Copy every entry word for word, but skip the pictures.

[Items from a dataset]

=======

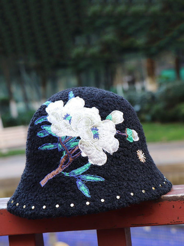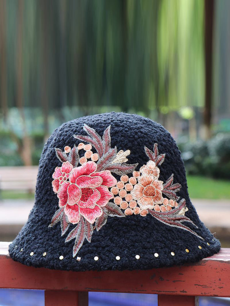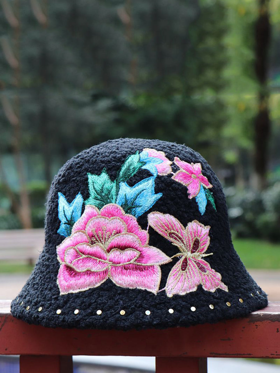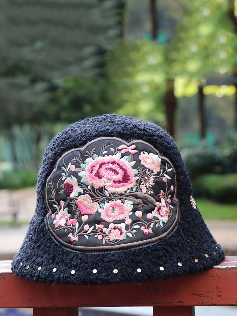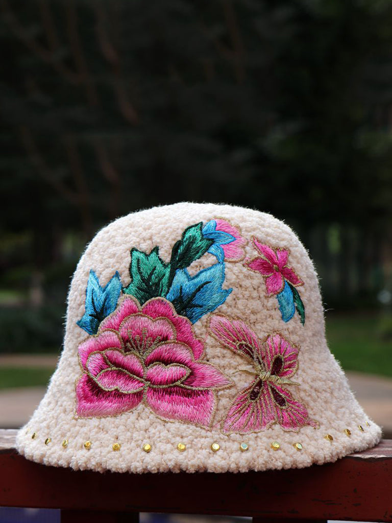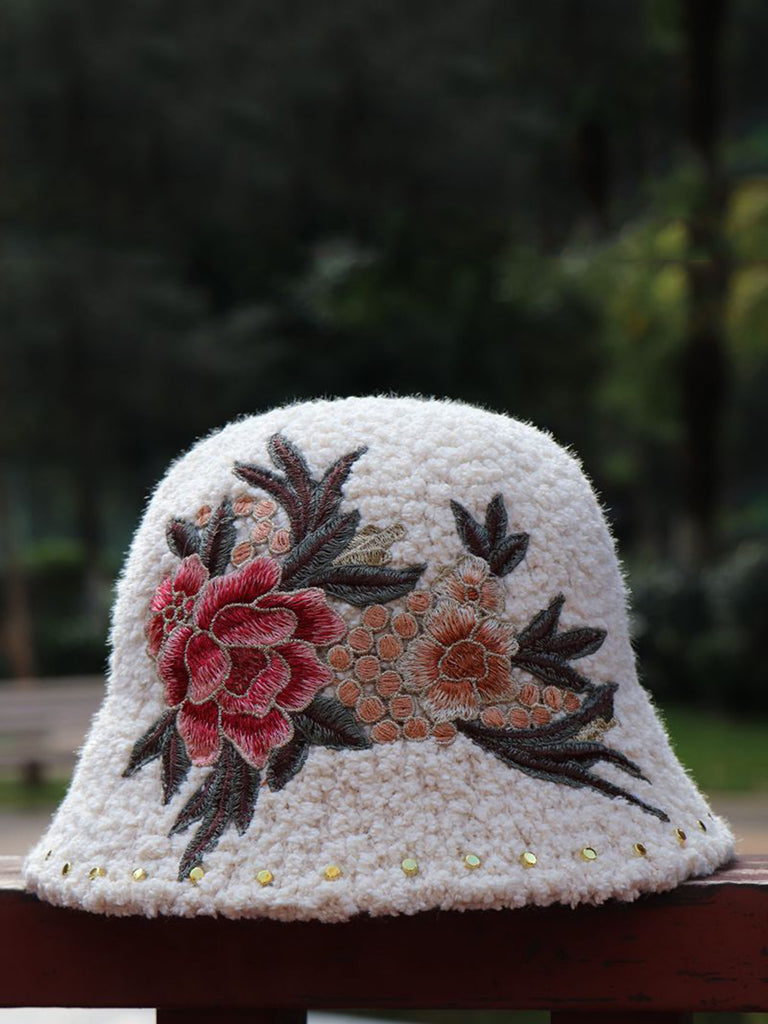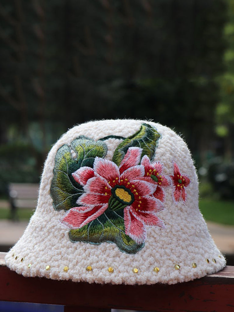 Women Artsy Winter Flower Embroidery Fleece Hat
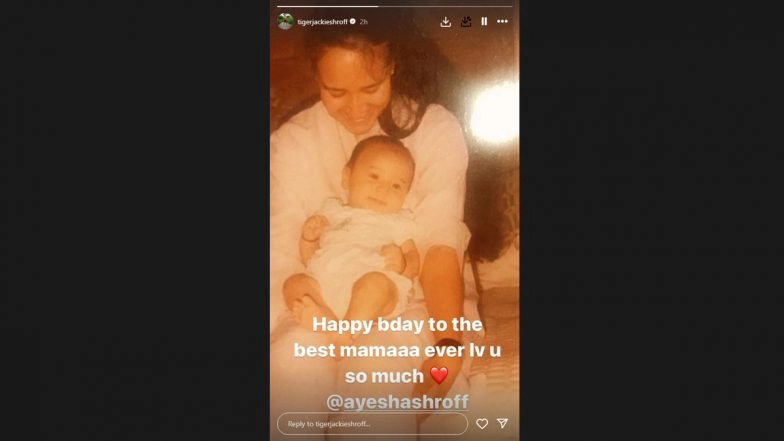 Jackie Shroff and his wife, Ayesha Shroff, are celebrating their 47th wedding anniversary today. The day turns more special as the veteran actor's wife also celebrates her birthday today. On the occasion, heartfelt wishes have been pouring in from all corners. Now, Tiger Shroff has shared an adorable birthday post for his 'mamma'. Taking to his Instagram stories, the Bade Miyan Chote Miyan star shared a cute unseen picture from his childhood. Sharing the photo, he wrote, "Happy birthday to the best mamma ever. Love you so much." 'Love You' Disha Patani Wishes Rumoured Ex Tiger Shroff’s 'Beautiful' Mother Ayesha Shroff on Her Birthday (See Pic).
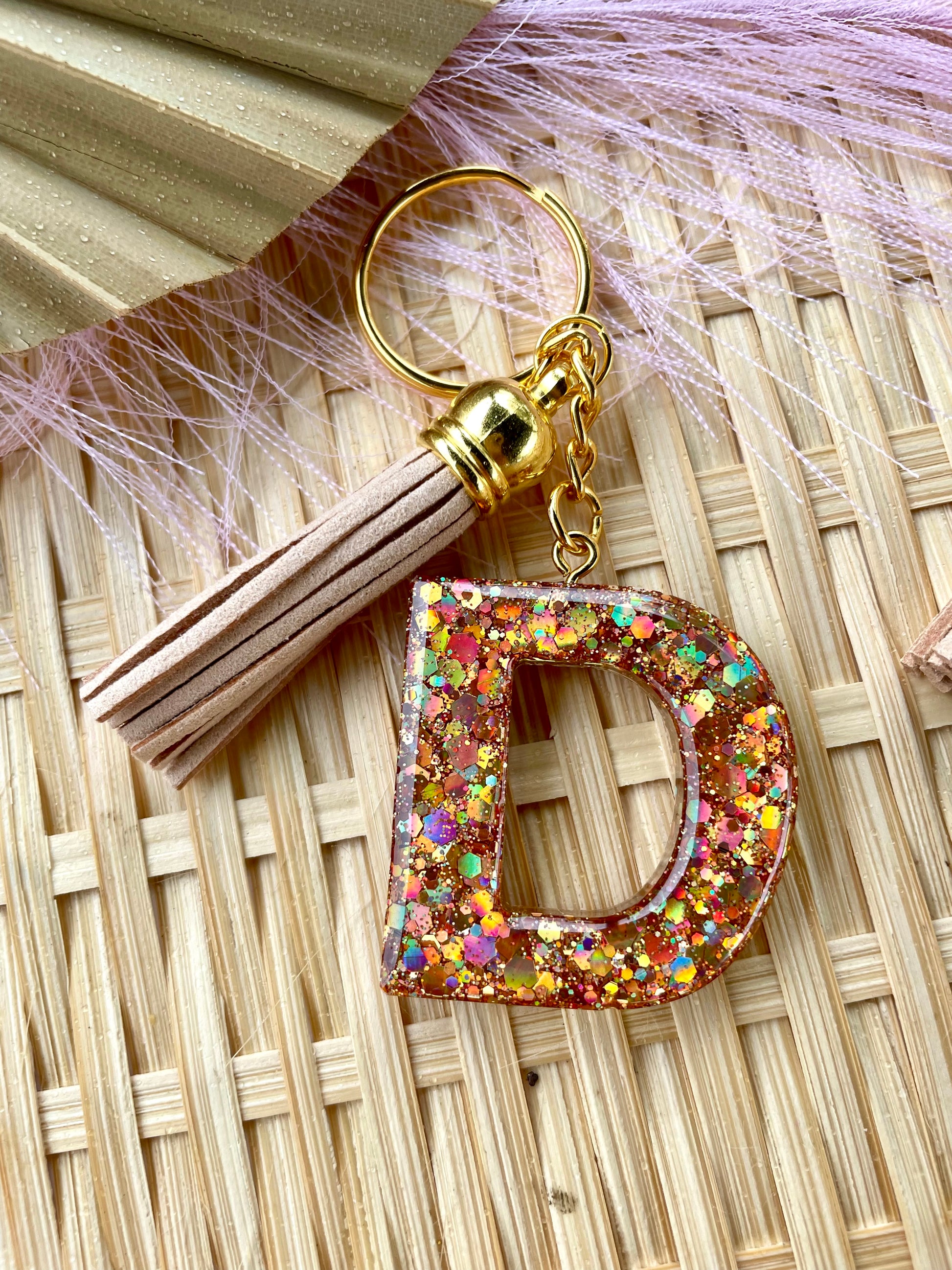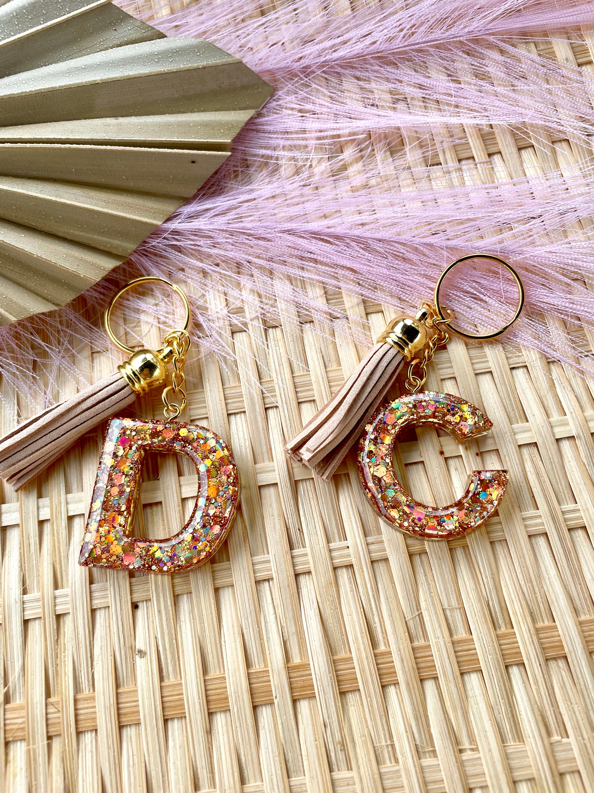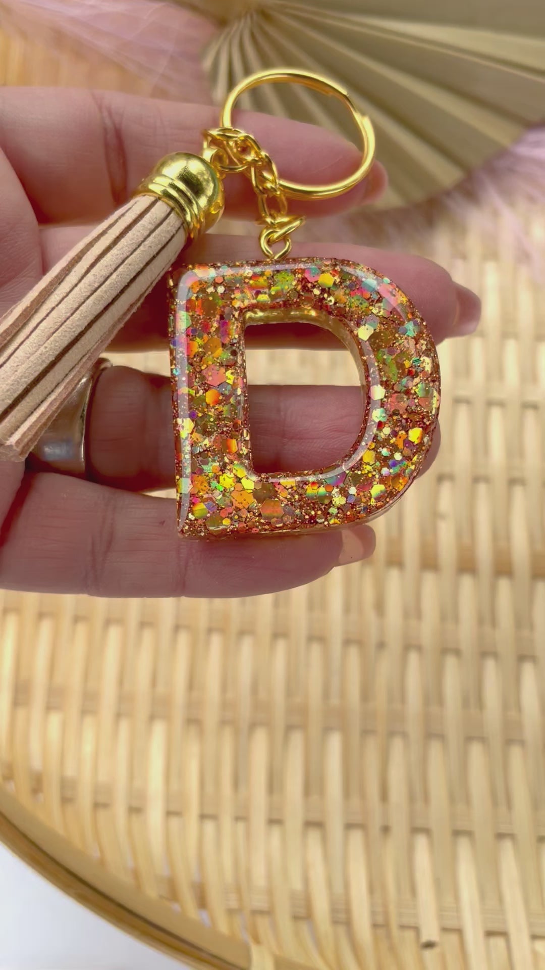 Sparkly gold holographic glitter keychain. Can be used as a cute bag charm on a lunch bag or your workout bag. Cute bestie, Mom, or teen girl gifts.
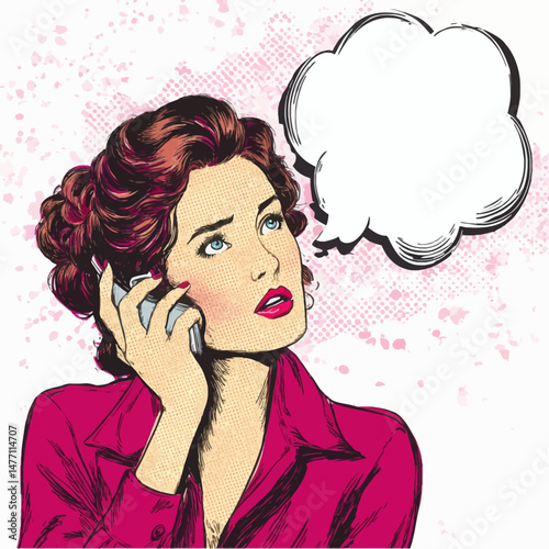 Мыслящая женщина с речевым пузырем. Векторная иллюстрация в стиле комиксов ретро-поп-арта.
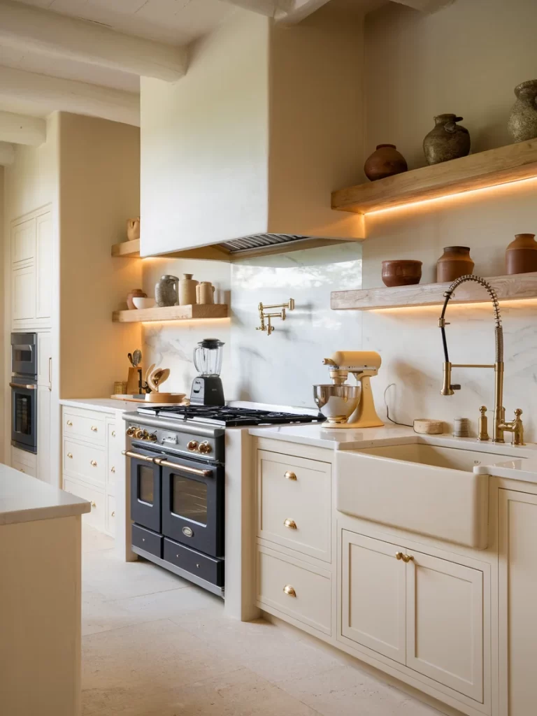Build range hoods in materials like warm-toned plaster, painted wood, or stone that complement your overall neutral palette. The hood becomes sculptural architecture that draws the eye upward and creates vertical interest in your kitchen design. Consider curves or tapered shapes that feel organic rather than boxy commercial styles. Integrate the hood seamlessly with surrounding cabinetry through matching materials or coordinating colors. This approach works beautifully with both traditional and modern kitchen styles, providing necessary ventilation while serving as the room’s crowning design element. Add interior lighting to illuminate your cooking surface and create ambient glow during evening hours.
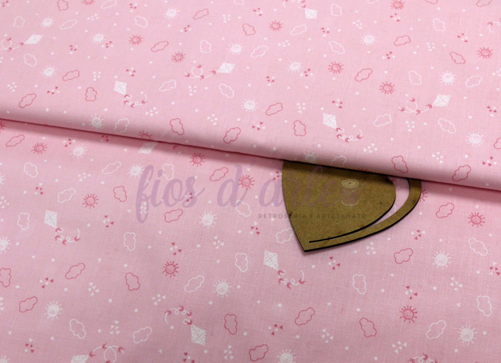 Tecido Nuvens e Papagaios - rosa

=======

• **Exercise output**:
 Women Artsy Winter Flower Embroidery Fleece Hat
 Jackie Shroff and his wife, Ayesha Shroff, are celebrating their 47th wedding anniversary today. The day turns more special as the veteran actor's wife also celebrates her birthday today. On the occasion, heartfelt wishes have been pouring in from all corners. Now, Tiger Shroff has shared an adorable birthday post for his 'mamma'. Taking to his Instagram stories, the Bade Miyan Chote Miyan star shared a cute unseen picture from his childhood. Sharing the photo, he wrote, "Happy birthday to the best mamma ever. Love you so much." 'Love You' Disha Patani Wishes Rumoured Ex Tiger Shroff’s 'Beautiful' Mother Ayesha Shroff on Her Birthday (See Pic).
 Sparkly gold holographic glitter keychain. Can be used as a cute bag charm on a lunch bag or your workout bag. Cute bestie, Mom, or teen girl gifts.
 Мыслящая женщина с речевым пузырем. Векторная иллюстрация в стиле комиксов ретро-поп-арта.
Build range hoods in materials like warm-toned plaster, painted wood, or stone that complement your overall neutral palette. The hood becomes sculptural architecture that draws the eye upward and creates vertical interest in your kitchen design. Consider curves or tapered shapes that feel organic rather than boxy commercial styles. Integrate the hood seamlessly with surrounding cabinetry through matching materials or coordinating colors. This approach works beautifully with both traditional and modern kitchen styles, providing necessary ventilation while serving as the room’s crowning design element. Add interior lighting to illuminate your cooking surface and create ambient glow during evening hours.
 Tecido Nuvens e Papagaios - rosa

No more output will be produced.